Data provided
◆ ◆ ◆

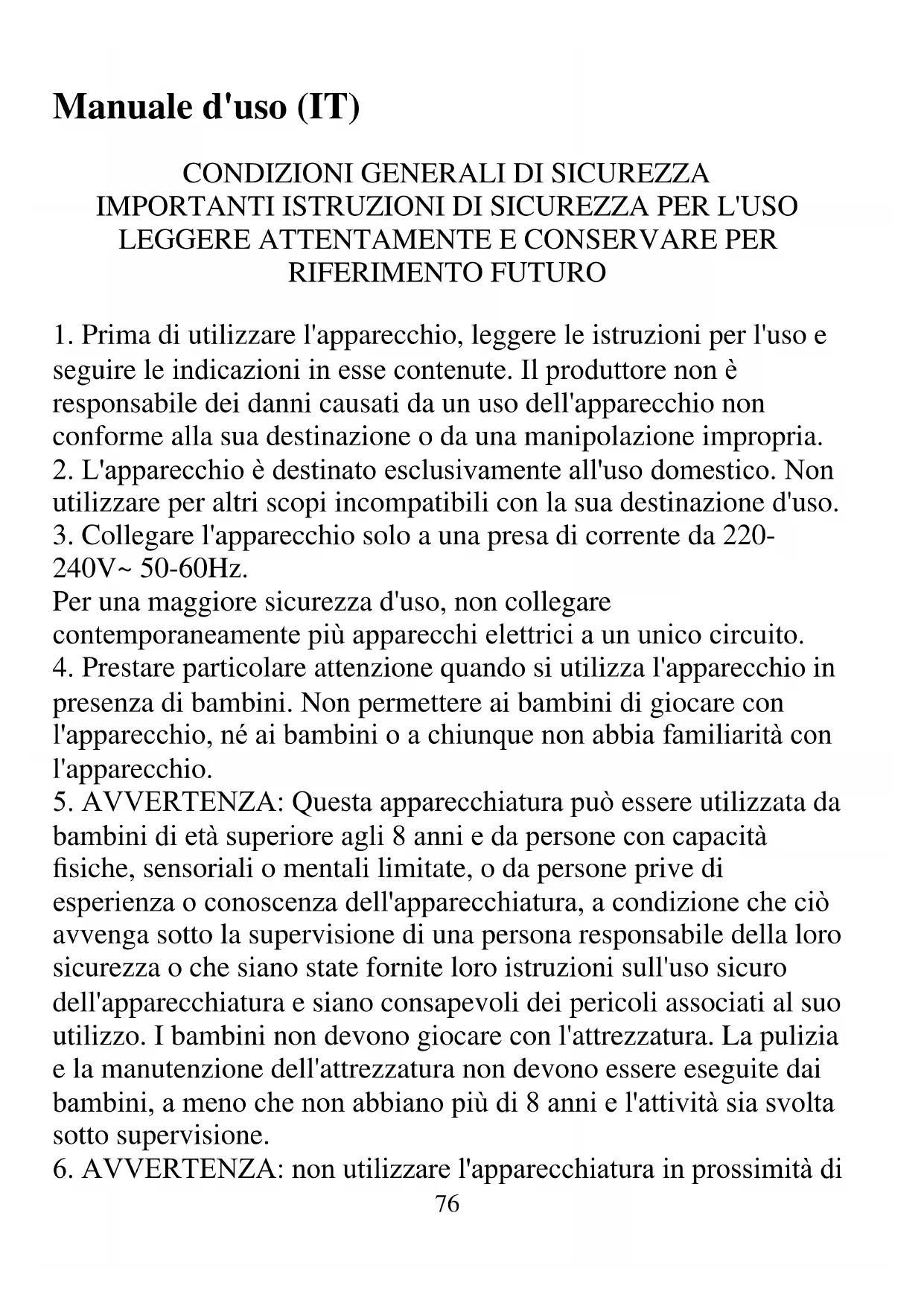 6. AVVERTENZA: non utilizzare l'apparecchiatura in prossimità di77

◆ ◆ ◆

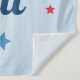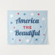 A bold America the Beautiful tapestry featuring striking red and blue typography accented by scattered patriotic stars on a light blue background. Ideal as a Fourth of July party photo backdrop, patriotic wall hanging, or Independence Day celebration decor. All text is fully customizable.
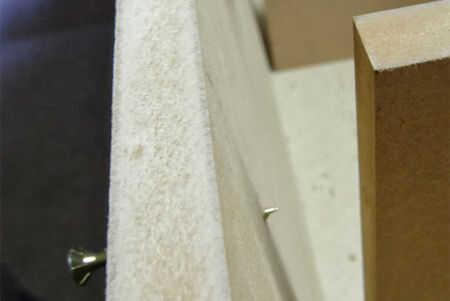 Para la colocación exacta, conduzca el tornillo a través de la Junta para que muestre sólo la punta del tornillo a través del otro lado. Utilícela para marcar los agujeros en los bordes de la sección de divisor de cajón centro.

◆ ◆ ◆

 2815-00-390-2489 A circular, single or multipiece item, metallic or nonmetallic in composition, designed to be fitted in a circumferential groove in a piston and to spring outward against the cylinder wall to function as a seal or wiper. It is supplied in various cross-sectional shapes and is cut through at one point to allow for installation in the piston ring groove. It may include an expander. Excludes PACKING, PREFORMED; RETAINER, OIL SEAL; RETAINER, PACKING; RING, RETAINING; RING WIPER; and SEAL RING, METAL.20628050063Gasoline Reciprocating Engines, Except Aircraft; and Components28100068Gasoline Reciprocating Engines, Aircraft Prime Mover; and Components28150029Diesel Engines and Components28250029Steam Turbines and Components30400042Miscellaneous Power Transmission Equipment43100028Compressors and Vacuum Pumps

◆ ◆ ◆

Requirement
After locating the line containing "A bold America" in the entries above, return it and every line after it exactly, ending at the line containing "Para la colocación", without pictures.

Answer for the task
 A bold America the Beautiful tapestry featuring striking red and blue typography accented by scattered patriotic stars on a light blue background. Ideal as a Fourth of July party photo backdrop, patriotic wall hanging, or Independence Day celebration decor. All text is fully customizable.
 Para la colocación exacta, conduzca el tornillo a través de la Junta para que muestre sólo la punta del tornillo a través del otro lado. Utilícela para marcar los agujeros en los bordes de la sección de divisor de cajón centro.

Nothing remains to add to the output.